Put simply, fintech is a portmanteau of “finance” and “technology”. Seems simple enough, but what’s new about it? From the stock market to credit cards, technology has played a central role in finance for a long time, but fintech isn’t just an in-vogue bit of jargon for systems we’ve used for as long as anyone can remember. In fact, when people use the term fintech they’re generally referring to the disruptive potential of new technologies to change the way we use financial services.
Fintech has grown out of the fertile (and profitable) tech start-up scene that’s exploded in the last decade. The real catalyst, however, has been the recent regulations in the EU and US that are forcing banks to share their data with third parties.
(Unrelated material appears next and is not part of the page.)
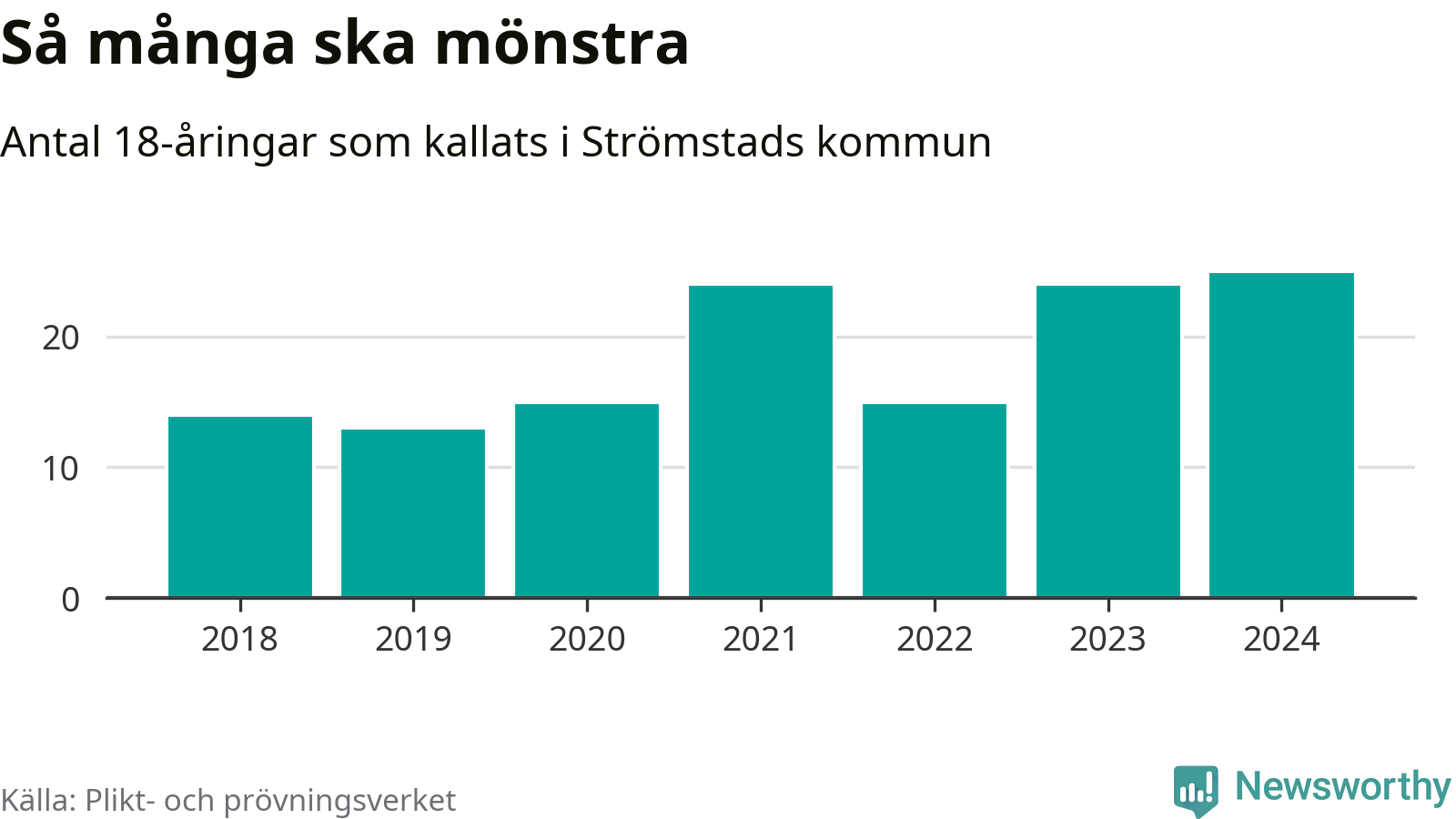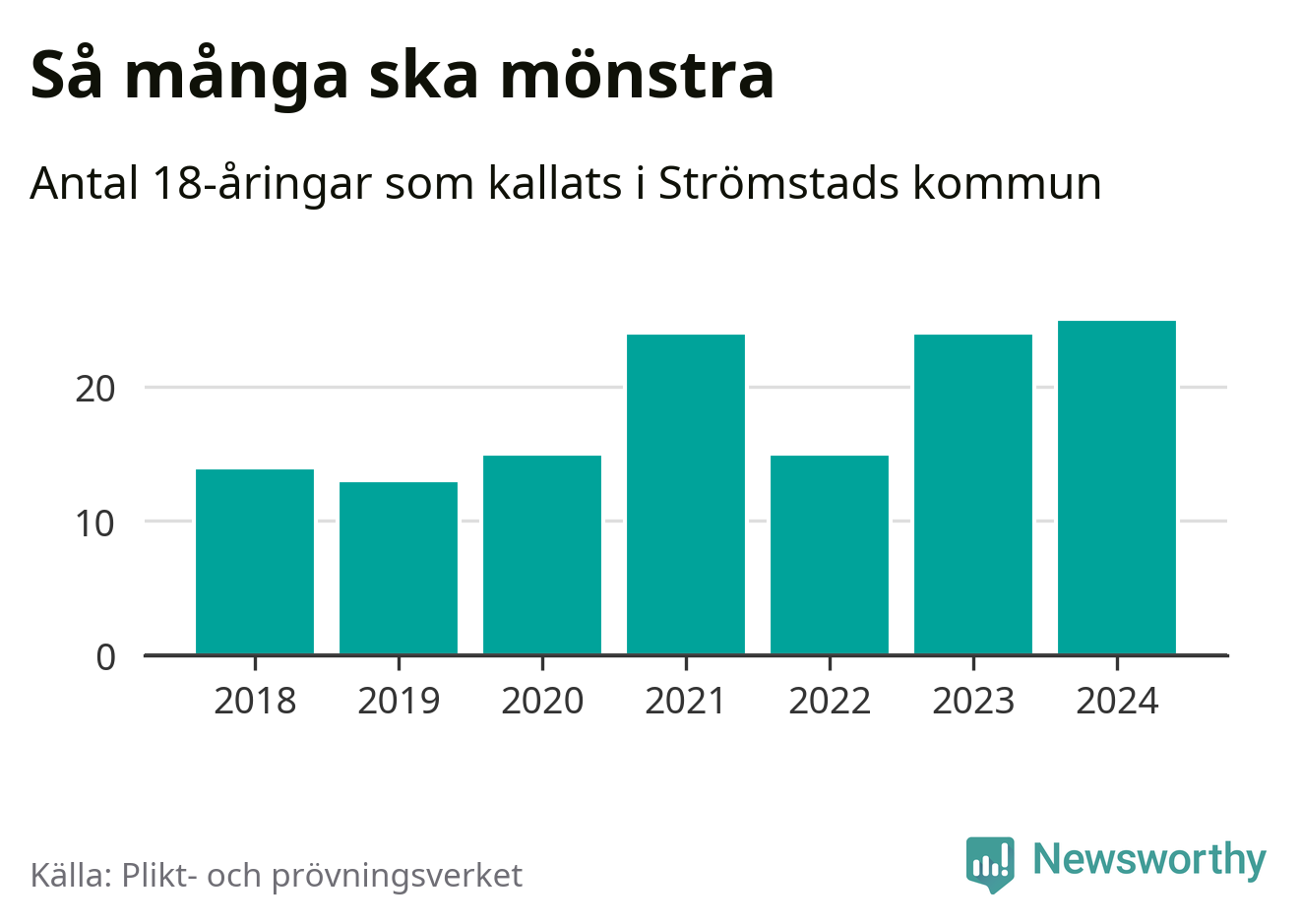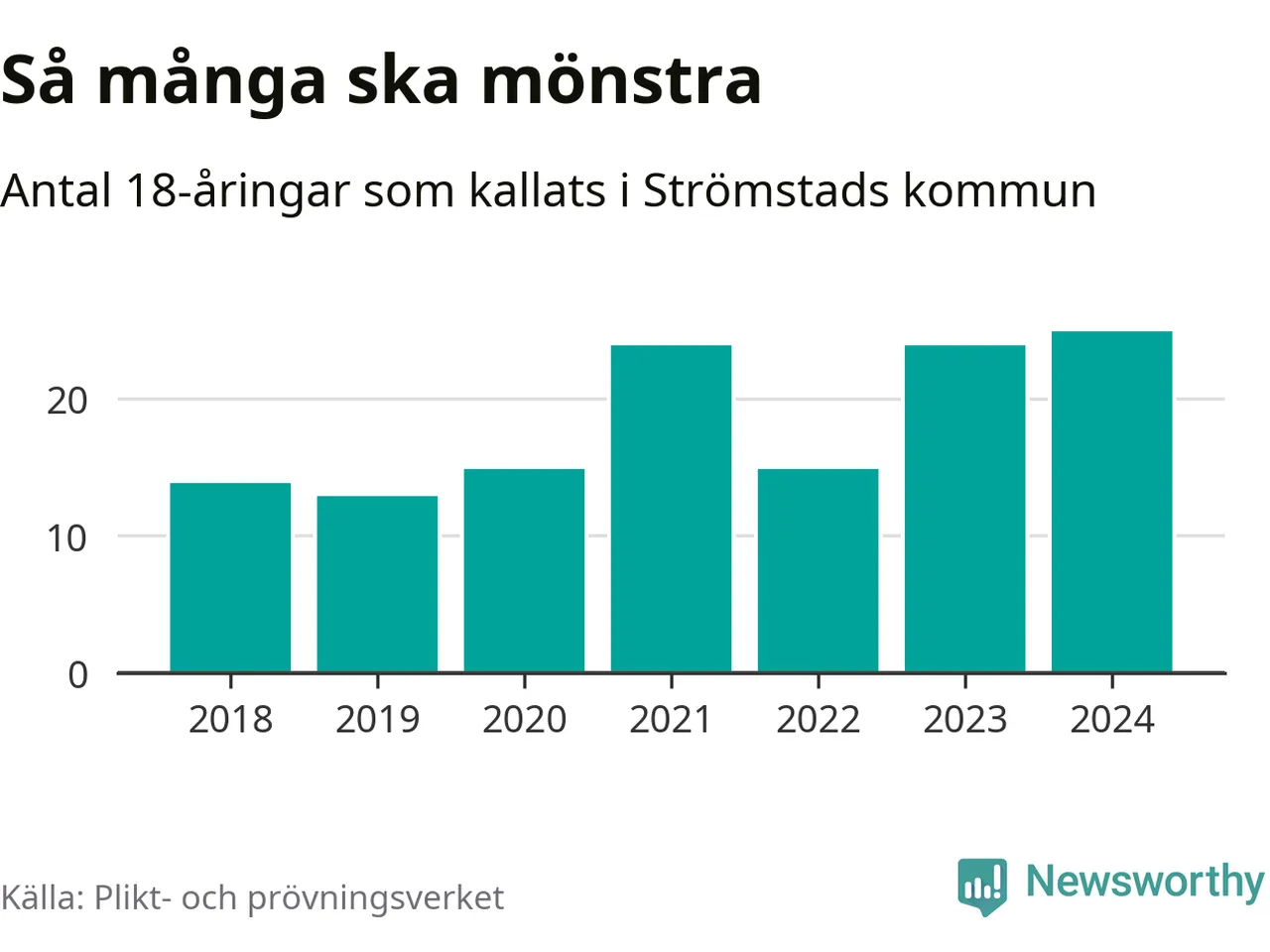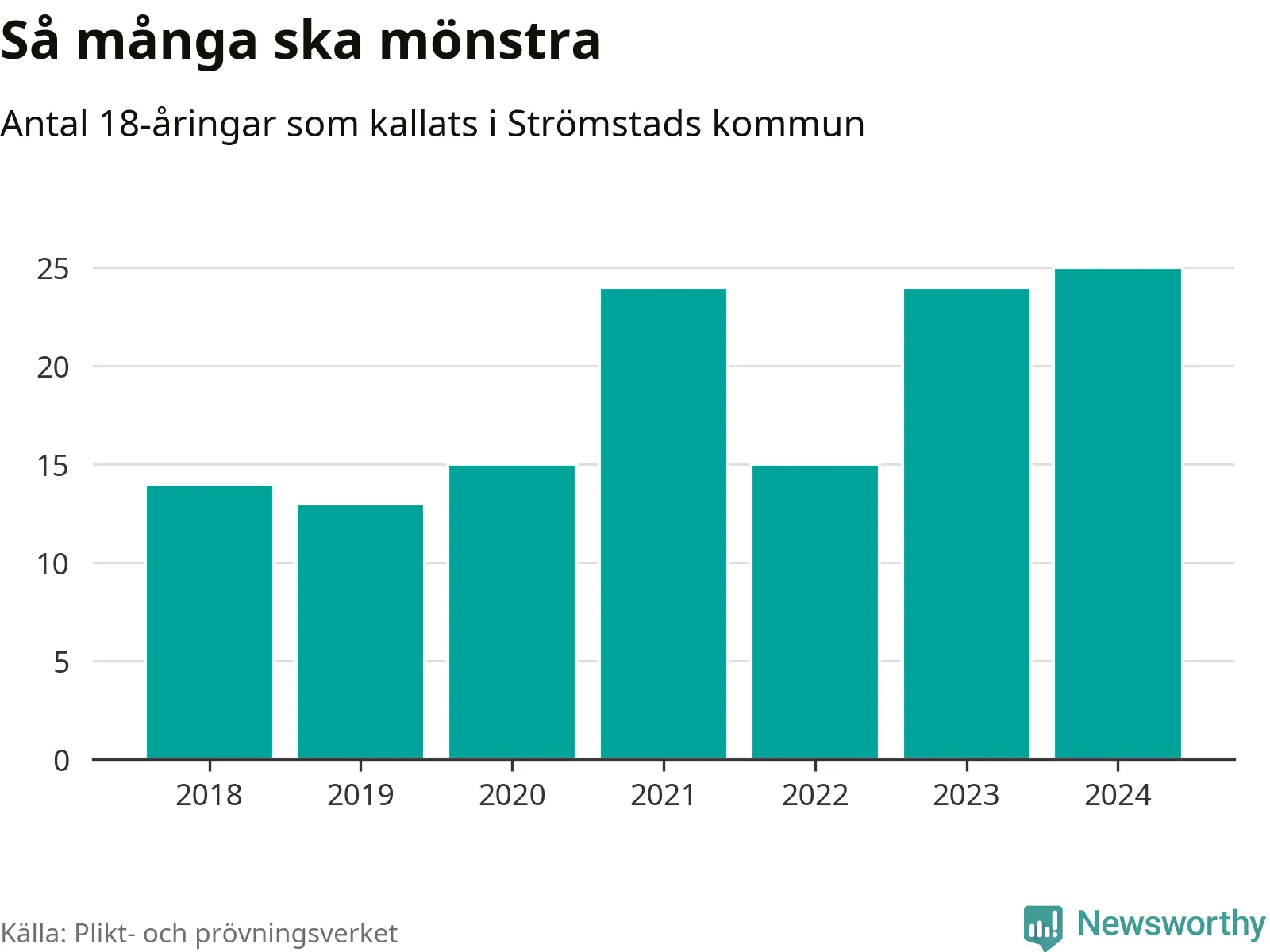 25 personer är det högsta antalet kallade i Strömstad sedan 2018, som är första året med statistik på kommunnivå (värnplikten återinfördes 2017), och en mönstrande mer än 2023. 2018 kallades som jämförelse 14 artonåringar från Strömstad till mönstring. Det motsvarade ungefär 10 procent av årskullen född år 2000. Totalt från Västra Götalands län kallas 4 562 personer födda 2006 i år.

Previously, banks have held tightly onto the knowledge of where and how their customers spend their money, but all of this is set to change. The new regulations are terrible news for their data monopoly, but a great opportunity for start-ups to capitalise on the shift towards “open banking”.
Before we go on, it should be noted that customers still have control over who has access to their data – it won’t be shared with third parties unless they approve it. But more and more reasons are emerging as to why they should.
What will fintech change?
Fintech is still in its relative infancy; it’s hard to predict far in advance because technology and our usage is continually developing. Fintech probably won’t do away with banks entirely, but the new technology and regulations do offer the chance to re-evaluate our expectations of finance.
At the moment, fintech services are proving to be especially helpful to smaller enterprises that have previously been at the mercy of financial institutions. Trading between different currencies, for example, is costly because banks have been able to set punitive exchange rates and add their own fees on top of each transaction.
In these gripes, start-ups have seen opportunities. TransferWise, for example, facilitates peer-to-peer exchange, where small transactions are matched with people in other countries who want to make mirror transactions.
With a bit of creative thinking, there are real gaps in the market that fintech could fill. It will be interesting to see how the big institutions respond: will they try to resist and disparage or will they accept the changing wind and pour all of their resources into developing fintech services of their own?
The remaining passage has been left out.